Tree of Thoughts (ToT)

Tree of Thoughts generalizes CoT by exploring multiple reasoning branches at each step, evaluating partial solutions, and pruning dead ends. Instead of one linear chain, the model emits several candidate next steps, scores them, and continues from the best. ToT works well for tasks with discrete intermediate states (game-playing, planning, combinatorial puzzles) and is overkill for arithmetic or single-pass reasoning.

python

import anthropic

client = anthropic.Anthropic()

def expand_thoughts(state: str, k: int = 3) -> list[str]:
    """Generate k candidate next steps from the current state."""
    resp = client.messages.create(
        model="claude-opus-4-7",
        max_tokens=600,
        temperature=0.8,
        messages=[{
            "role": "user",
            "content": (
                f"Current state:\n{state}\n\n"
                f"Propose {k} distinct next steps. Number them 1-{k}. "
                f"Each step should be one short paragraph."
            ),
        }],
    )
    return parse_numbered_list(resp.content[0].text, k)
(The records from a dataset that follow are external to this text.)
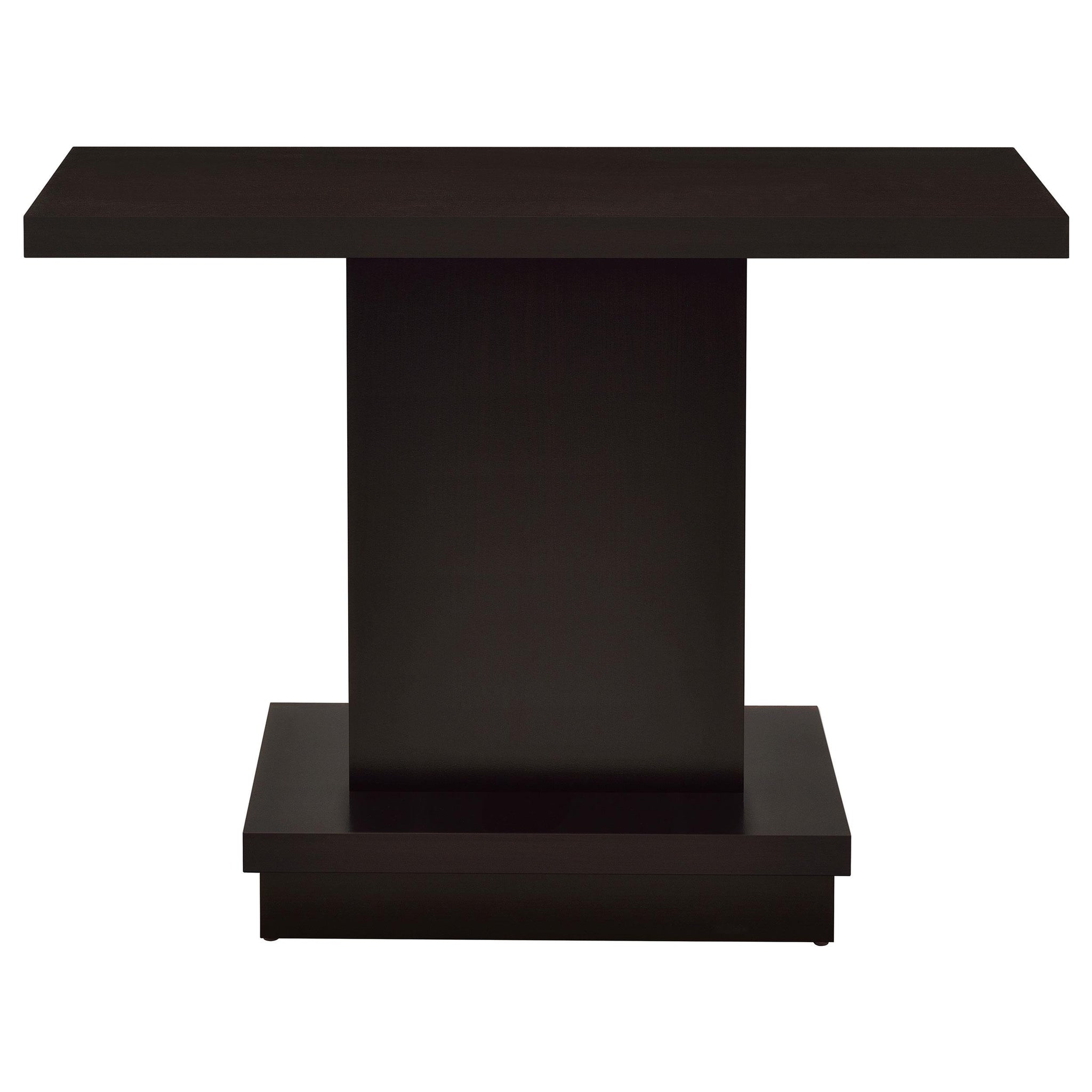 This sofa table delivers modern elegance with clean geometric lines and a versatile rectangular profile. Crafted from engineered wood with a scratch-resistant laminate veneer, it showcases a rich cappuccino finish that exudes contemporary charm. The spacious tabletop provides ample room for decor, storage, or everyday essentials. Perfect for use behind a sofa or in an entryway, this console table seamlessly blends style and functionality in any space.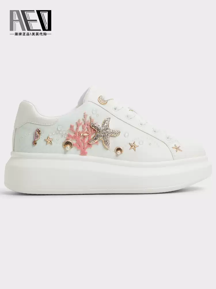 Aldo women's flat low-top casual white sneakers - new arrival with high platform, seashell and other decorative accents
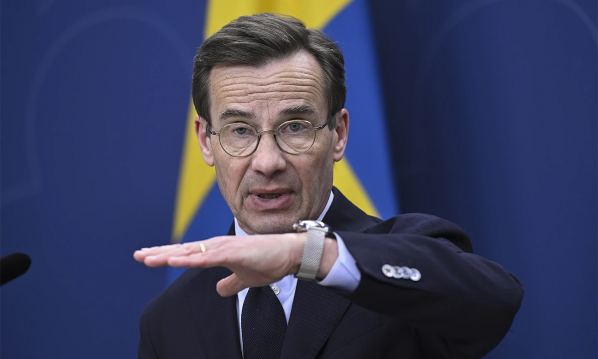 지난 3월 울프 크리스터손 스웨덴 총리가 수도 스톡홀름에서 열린 기자회견에서 국방비 증액을 발표하고 있는 모습. 스톡홀름=AP연합뉴스 |
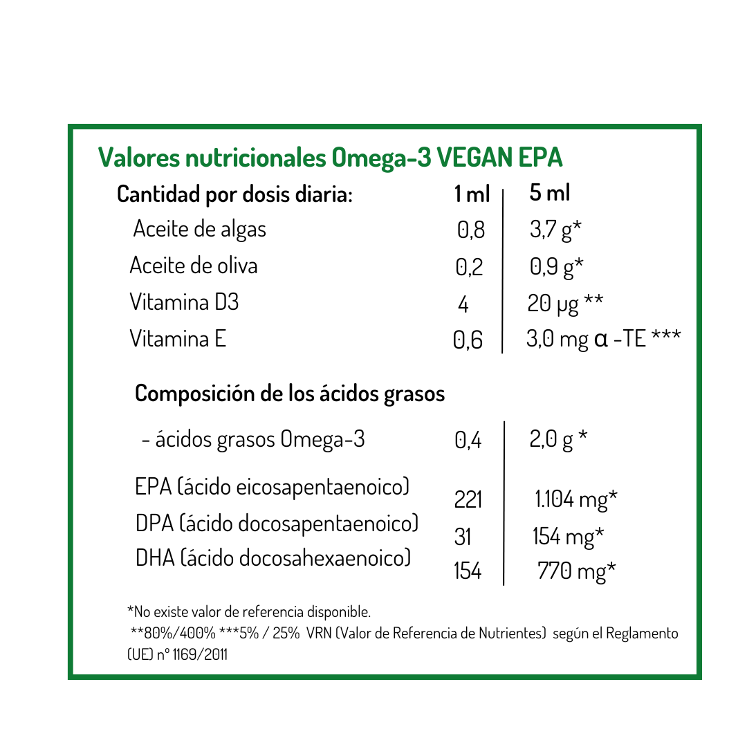 NORSAN OMEGA-3 VEGAN EPA (100 ml) consiste en una combinación única: un aceite vegetal de algas en alta dosis y un aceite de oliva virgen extra ecológico prensado en frío con un alto contenido en polifenoles. Una dosis diaria (5 ml = 1 cucharadita) aporta 2000 mg de ácidos grasos omega-3. Esta dosis diaria ha demostrado ser eficaz para mantener niveles adecuados de omega-3 en el organismo, según lo determina el Índice Omega-3 mediante el análisis de ácidos grasos.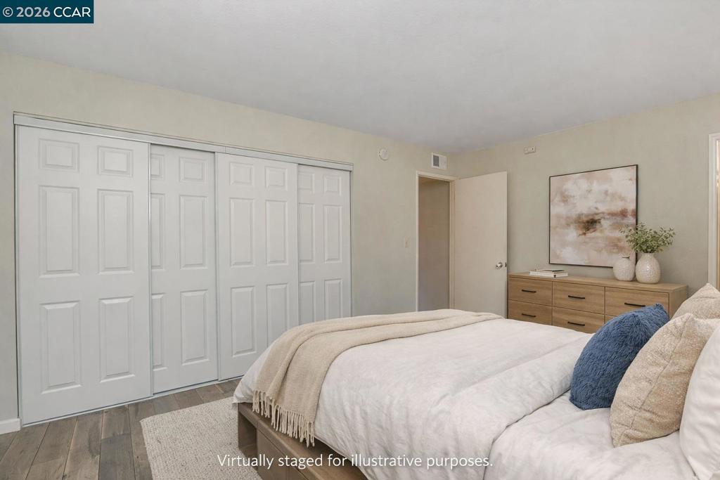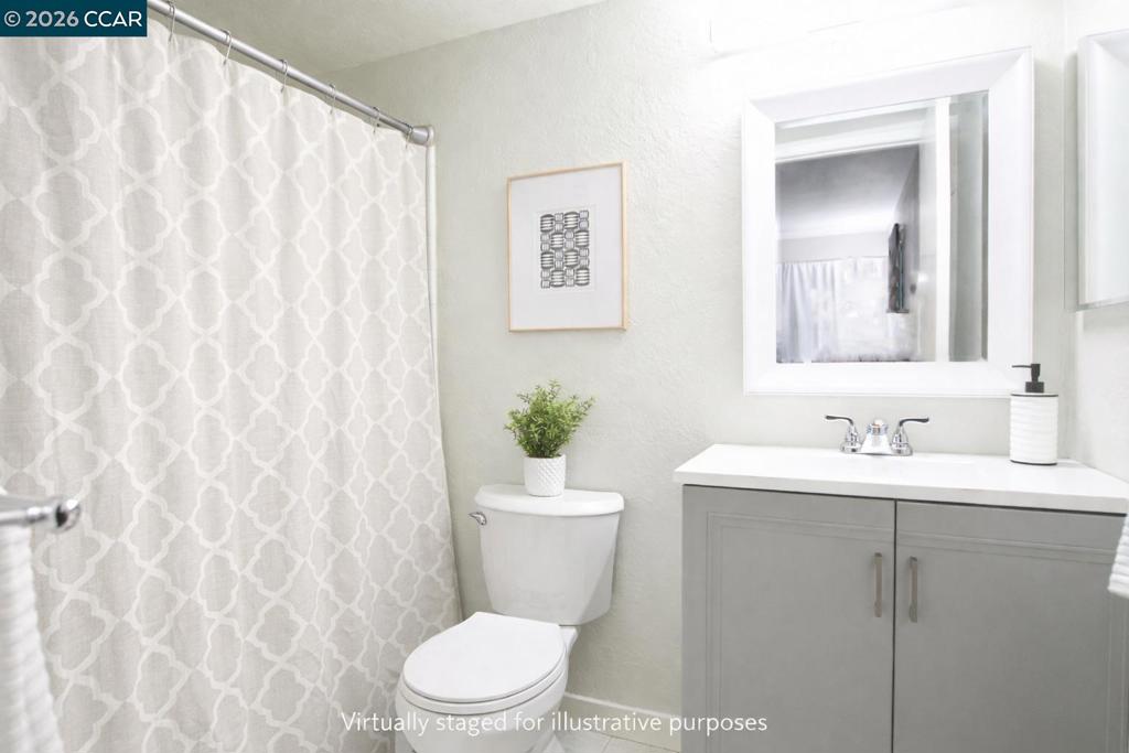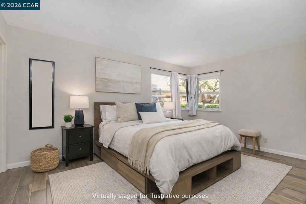 Welcome to this charming first-floor end unit in the beautiful Shadow Wood community! This 2-bedroom, 2-bathroom home offers a serene setting surrounded by mature trees, creating a peaceful retreat. Step inside to a spacious living room featuring a cozy wood-burning fireplace, perfect for relaxing evenings. The galley-style kitchen boasts a convenient breakfast counter with additional storage, seamlessly flowing into the dining area—ideal for entertaining. Large pantry/storage closet. Spacious Primary with Large closet. Enjoy the convenience of inside laundry with a stackable washer and dryer & dual-pane windows. Relax on your patio & enjoy your coffee on a peaceful morning with gate access to walkways. You'll have access to fantastic amenities, including a pool, spa, tennis courts, and clubhouse. Centrally located just minutes from shopping, dining, BART, and freeway access, this home offers both comfort and convenience. Some images in this listing have been virtually staged to help illustrate potential furniture placement and design concepts. Actual property conditions may vary. Open House Sunday 02/01, 11am-1pm.

def score_thought(thought: str, goal: str) -> float:
    """Heuristic score from 0-1 for how promising the thought is."""
    resp = client.messages.create(
        model="claude-opus-4-7",
        max_tokens=20,
        messages=[{
            "role": "user",
            "content": (
                f"Goal: {goal}\nProposed step: {thought}\n\n"
                "Rate 0-1 how likely this step is to reach the goal. "
                "Reply with the number only."
            ),
        }],
    )
    try:
        return float(resp.content[0].text.strip())
    except ValueError:
        return 0.0

def tot_search(problem: str, max_depth: int = 4, beam: int = 3) -> str:
    """Beam-search over thought tree."""
    frontier = [problem]
    for depth in range(max_depth):
        candidates = []
        for state in frontier:
            for thought in expand_thoughts(state, k=3):
                score = score_thought(thought, problem)
                candidates.append((score, state + "\n" + thought))
        candidates.sort(reverse=True)
        frontier = [s for _, s in candidates[:beam]]
        if any("FINAL ANSWER" in s for s in frontier):
            return next(s for s in frontier if "FINAL ANSWER" in s)
    return frontier[0]

ToT is expensive — every expansion is an API call. A depth-4 beam-3 search with k=3 candidates per node costs ~36 calls per problem. Reach for it only when CoT and self-consistency have plateaued.

Reasoning models (extended thinking)

Modern reasoning-tuned models (Claude with extended thinking, OpenAI's o-series, DeepSeek-R1) bake CoT into the training and inference loop — they think privately for thousands of tokens before producing a visible answer. From a prompt-engineering perspective they replace the need for explicit "think step by step" wrappers on hard problems, but they have different cost and latency profiles.

Dimension	Prompted CoT	Reasoning model (extended thinking)
Setup	Just a phrase	API parameter (`thinking={"type": "enabled"}`)
Visible reasoning	Yes (in output)	Optional — separate `thinking` block
Cost	Output tokens for reasoning	Billed for thinking tokens separately
Latency	Higher (long output)	Higher (thinking + output)
Best for	Most multi-step tasks	Hard math, code, multi-step planning
Temperature	Free to tune	Must be 1.0
Combines with tools	Yes	Yes (some restrictions)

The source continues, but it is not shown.